This article is for Account Owners and Project Managers.
The Context Crawler feature allows you to grab context from a website. All that you need is the URL of the website that will be crawled. The crawler will then find the pages to visit on its own. That's it! This feature eliminates having to use third-party tools or the availability of a tech team to do the site crawl for you. It's useful for non-GDN web projects where there is no previous context in the project, and no need for targeting specific pages. (However, Context Crawler can still be used for GDN projects.)
Currently, there is a limit of 1000 pages per crawl. Once the crawler has started, you can navigate away from that page if you need to.

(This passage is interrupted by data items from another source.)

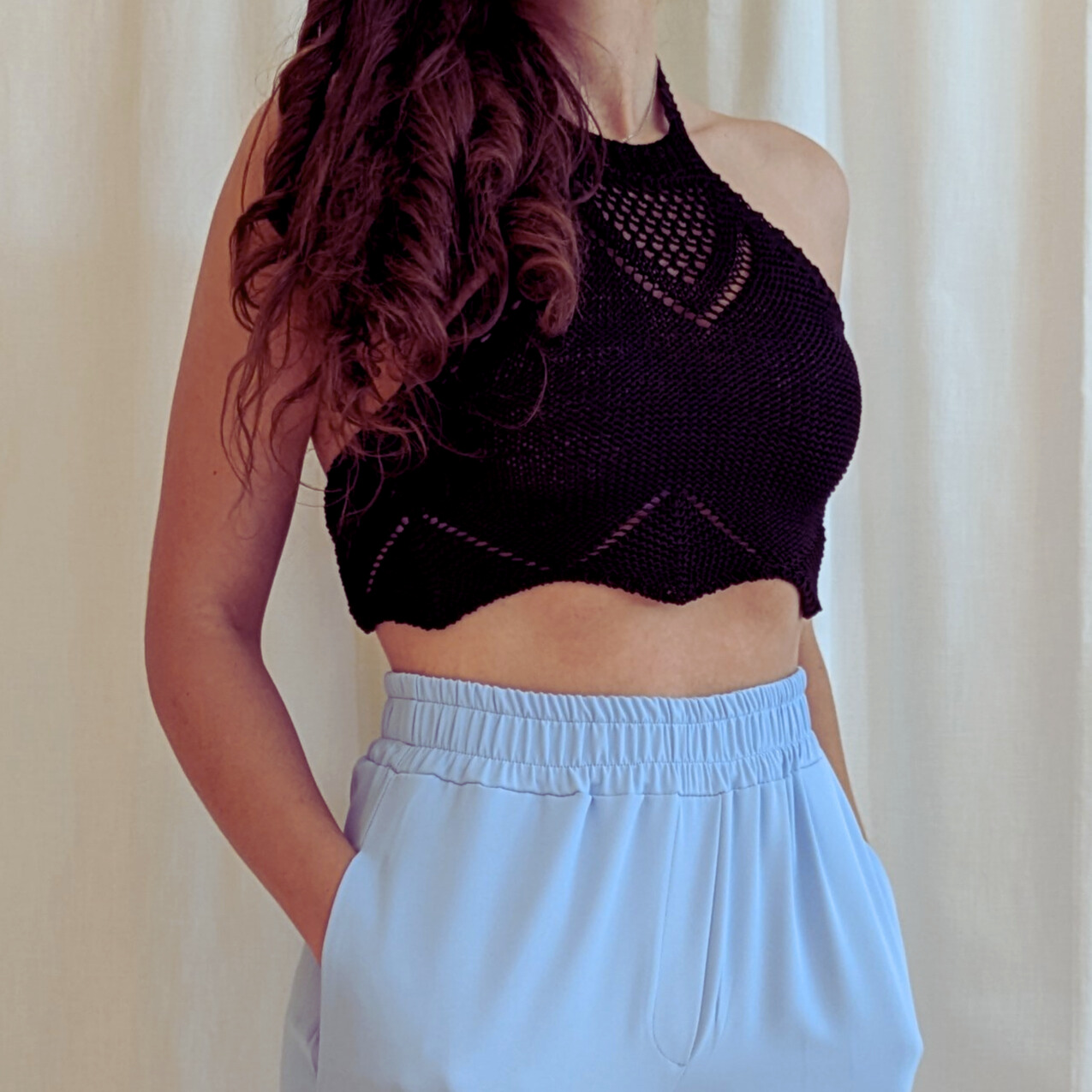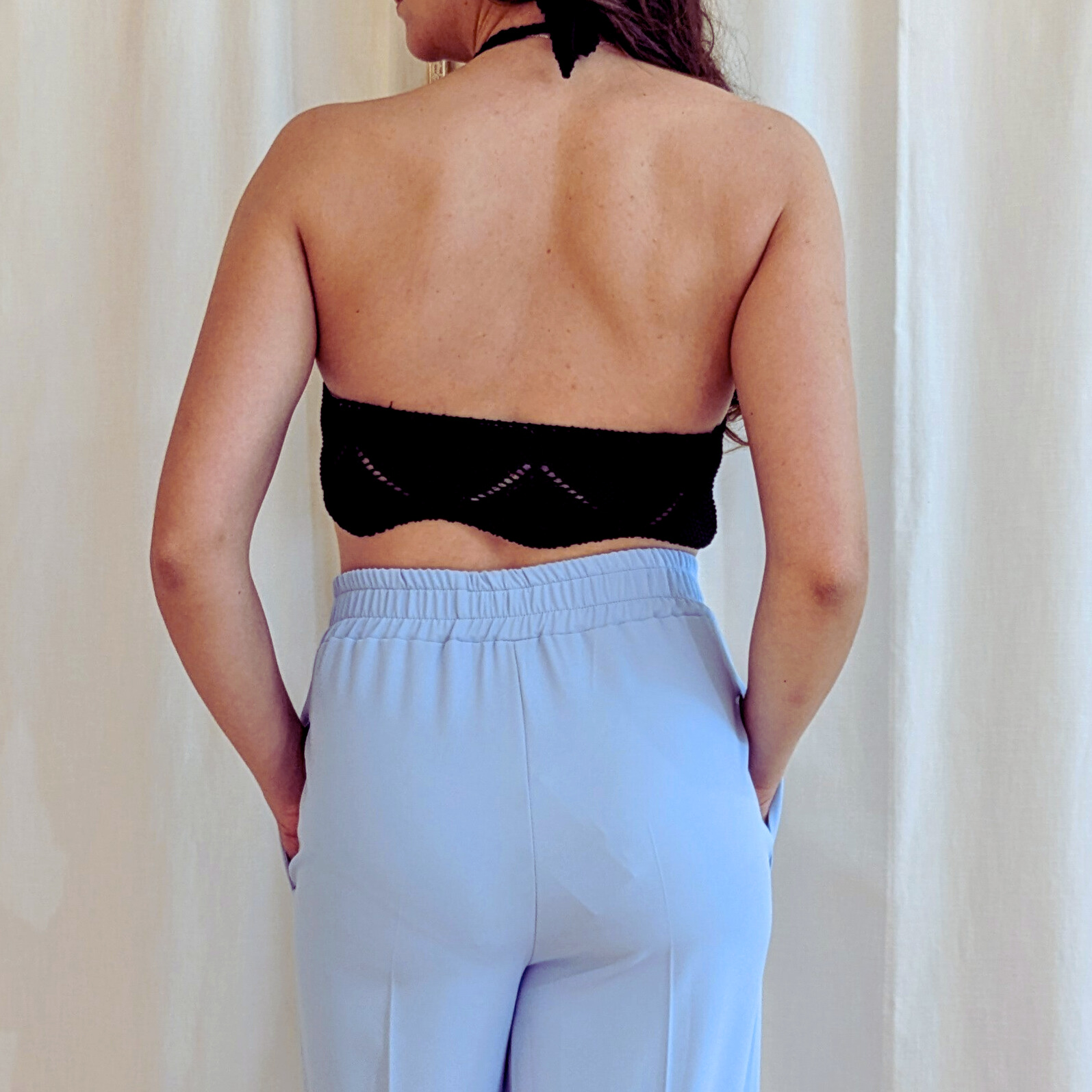 Questo elegante top all'uncinetto è un capolavoro, caratterizzato da dettagli intricati e un design raffinato, presenta un motivo molto lavorato con motivi delicati e pattern complessi che creano un effetto di grande raffinatezza. La parte superiore è legata sul collo, lasciando la schiena leggermente scoperta e conferendo un tocco sensuale e femminile. Perfetto per occasioni speciali o per un look boho chic, questo top combina eleganza in un unico capo.
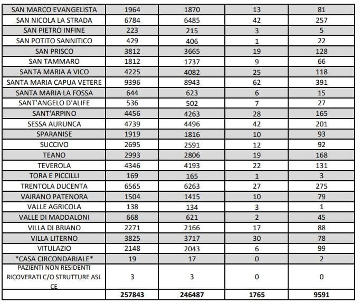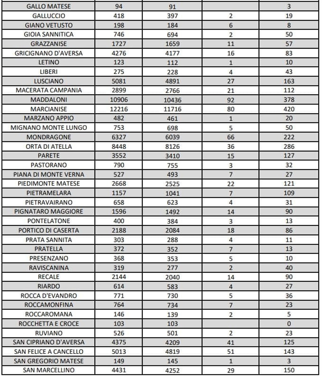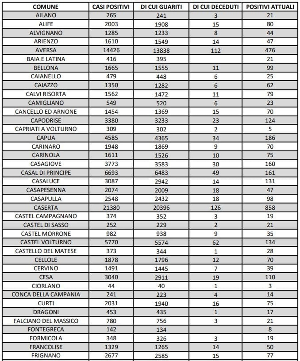 Il comune di Caserta resta la città più colpita della provincia, ma comunque ancora sotto la quota dei 1000 contagiati dopo mesi. Infatti, gli attualmente positivi del comune capoluogo sono 858. Tra i più importanti si segnalano Aversa con 476 casi, Maddaloni con 378, Marcianise con 420 e Santa Maria Capua Vetere con 391.
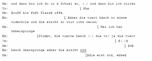 Mm: und dann bin ich doch in die Schule gekommen /Yw: Mhm /Mm: und dann bin ich weiter rauf bis fünfte Klasse herauf / Em: Aber die vierte hast du noch wiederholen müssen und die erste, soweit ich’s weiß. / Mm: Nein ich habe übersprungen / Em: Stimmt, die vierte hast Du die vi- ja die viert hast Du übersprungen aber die erste nicht / Mm: die erste nicht, eben.
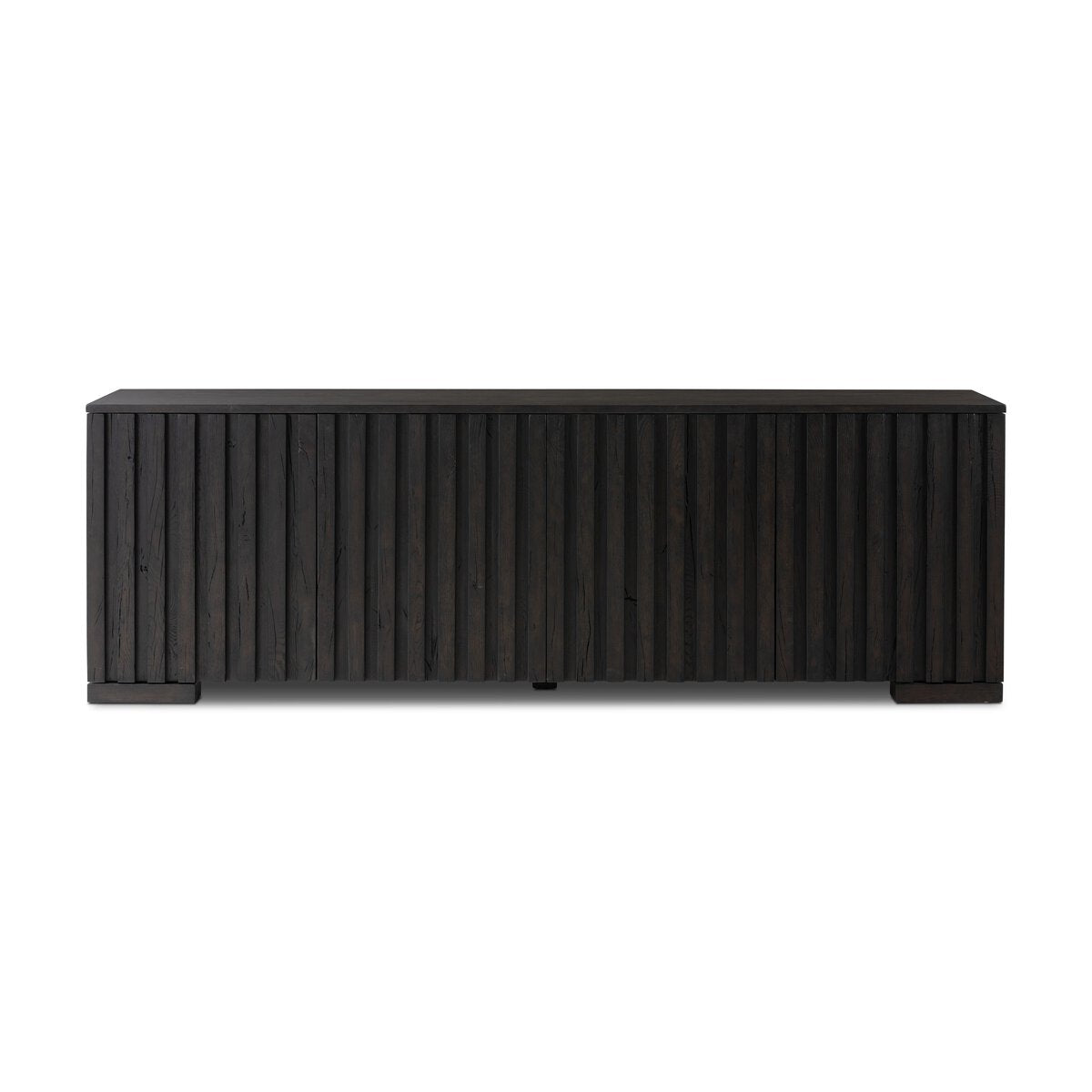 Made from reclaimed French oak and finished in a rich espresso, a spacious sideboard features heavy reeding, for a linear look reflective of midcentury inspiration. Fully finished interior. Designed in partnership with longtime Four Hands collaborator Thomas Bina and Brazilian designer Ronald Sasson.
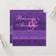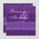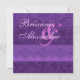 This design with its Royal Purple damask with a watercolor feel topped with an ornate ribbon an elegant choice for your wedding invitations. Add your names on the front, to the front, and personalise with your text on the back. Try out different papers to see which look you like the best, by clicking on "Invitation Options" and then "Paper Type". Enjoy creating your own special look!
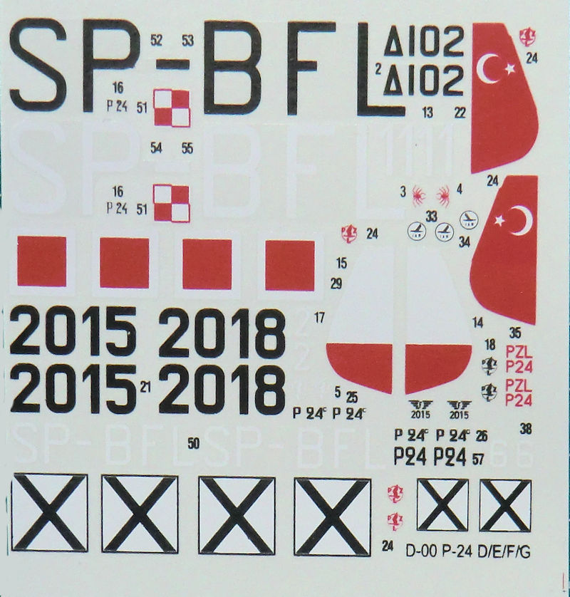 Bausatz: MisterCraft liefert hier alten Wein in neuen Schläuchen… Der Bausatz der PZL P-24 ist hier schon älteren Datums und stammt aus polnischen Formen. In dem sehr attraktiven praktischen Stülpkarton findet man gut verpackt zwei beigefarbene Spritzlinge, ein Klarsichtteil, zwei Decalbögen und die mehrfarbige Bau- und Bemalungsanleitung.
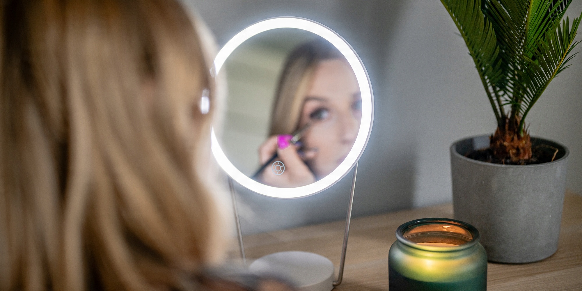 В зависимости от времени суток и существующих условий освещения вы можете самостоятельно регулировать мощность светодиодов, закрытых под молочным рассеивателем. Просто используйте сенсорную кнопку, встроенную в поверхность зеркала. Высокая интенсивность света хорошо работает в солнечный день, а более низкая интенсивность света — идеальное решение для макияжа, сделанного после наступления темноты или в темной комнате. Хорошо сбалансированный свет не режет глаза, что обязательно облегчит вам работу над макияжем.
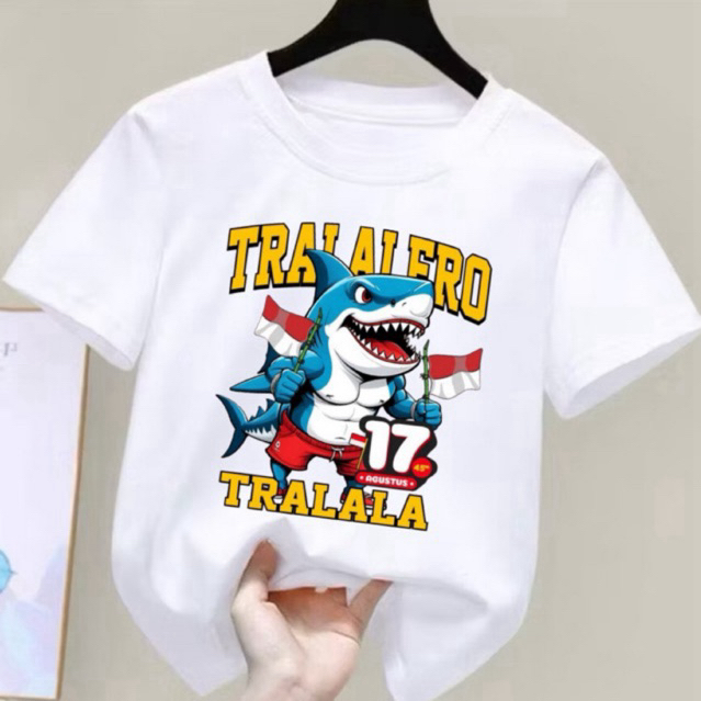 Kaos Anak Anak Karakter Tralalero Tralala 17 Agustus Umur 2-16 Tahun
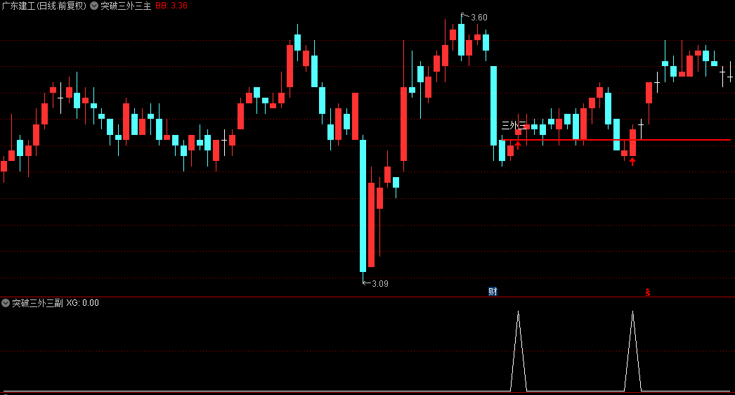 这套【突破三外三】战法由主图指标、副图指标和选股指标组成,形成三位一体的交易系统。
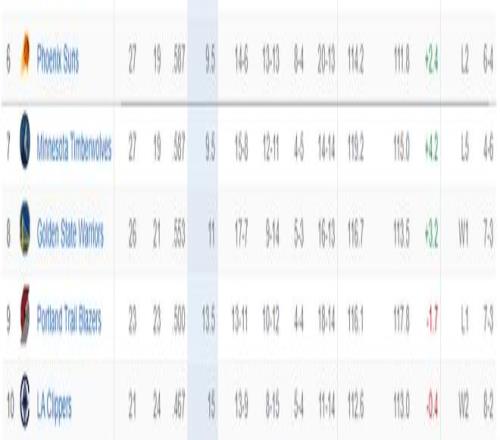 快船目前21胜24负,太阳27胜19负,快船距离西部第六也只有4.5个胜场,感觉快船本赛季依旧有希望去冲击西部前六,勇士、开拓者、森林狼等球队被快船反超感觉只是时间问题。
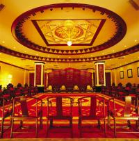 - 千古一帝餐厅----位于正安宫大堂东侧,总建筑面积883平方米。餐厅装饰尽显皇家气派:熠熠发光的四根盘龙金柱,以金黄绸缎软包的墙壁,巨大的圆形水晶灯装饰的天花造顶,以“千古一帝”四字图案为主题的大红地毯配上中式的餐桌、餐椅,特别是大厅正面墙上的巨幅国画“千古一帝”,凸显王者风范。除大厅外还有两个可容纳20人的大包间和四个可容纳10人的小包间,整个餐厅可接待260位客人同时用餐。
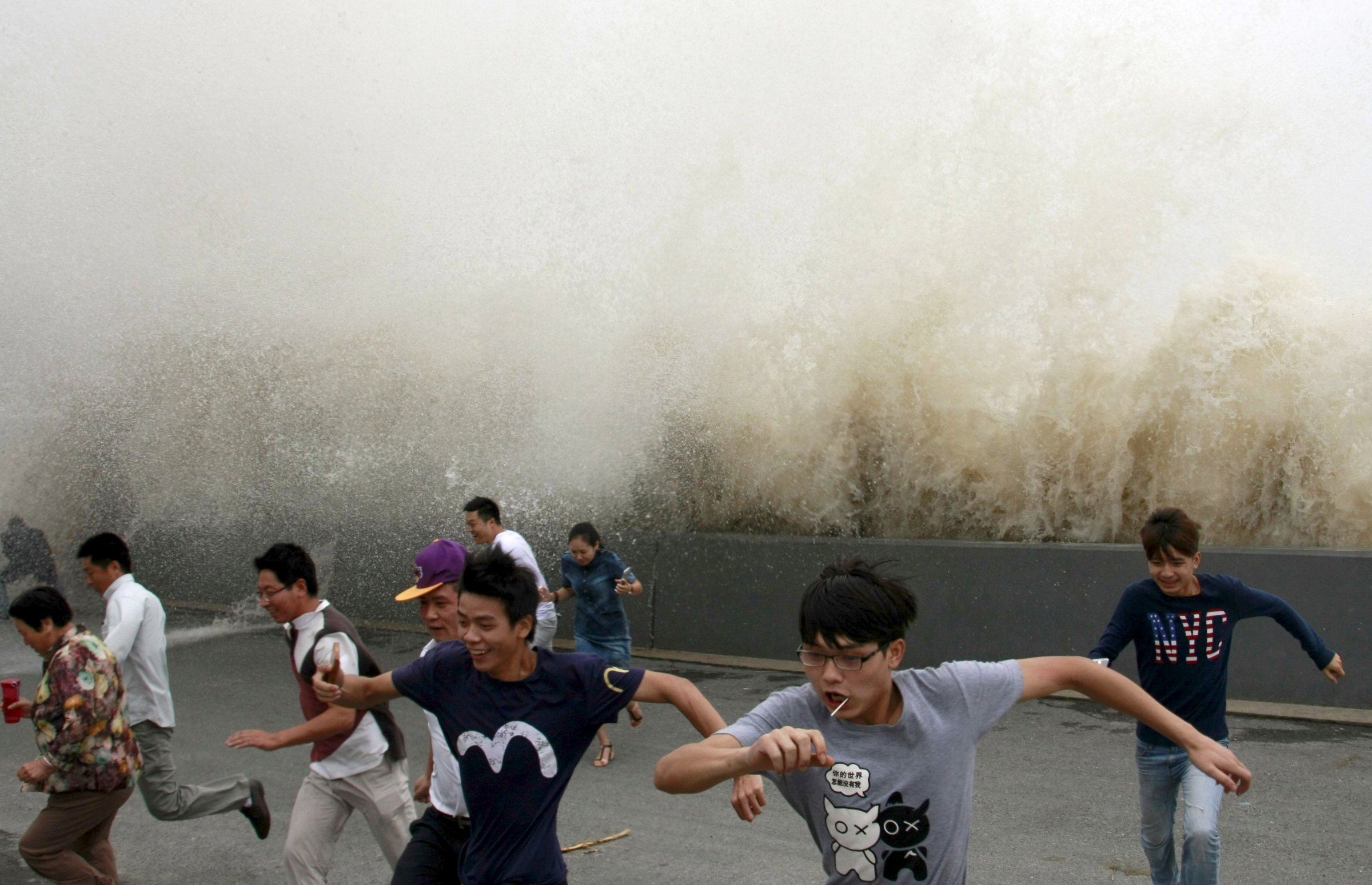 wave running awayVisitors run away from a wave caused by a tidal bore which surged past a barrier on the banks of Qiantang River, in Hangzhou, Zhejiang province, China, September 15, 2015.Reuters

If by chance your site has more than 1000 pages, you will need to run the crawler for a second time, using a different domain/URL starting point. In the initial crawl of the site, you'll see a list of all pages that were processed. You can verify against that list to make sure that you are using a starting point or page that has not yet been crawled. For example, your initial crawl may have used the domain https://xyz.com, but your second crawl might be https://xyz.com/blogpages.
To access Context Crawler:
- Go to Projects (select a project) > Content > Context Crawler. Enter the the URL (include the https) of the site you wish to crawl in the Domain field.
- If you have previously crawled that domain, you can choose to turn ON/OFF the Overwrite capability.
- If your site is password protected, you will need to enter your user name and password in the Protected Website section in order for the crawler to be able to crawl all pages.
The crawler works best for websites where different pages live on different URLs so that all context can be captured. For dynamic web applications, JS library would be a better option as the Context Crawler can't simulate user activity such as opening menus, submitting forms, etc.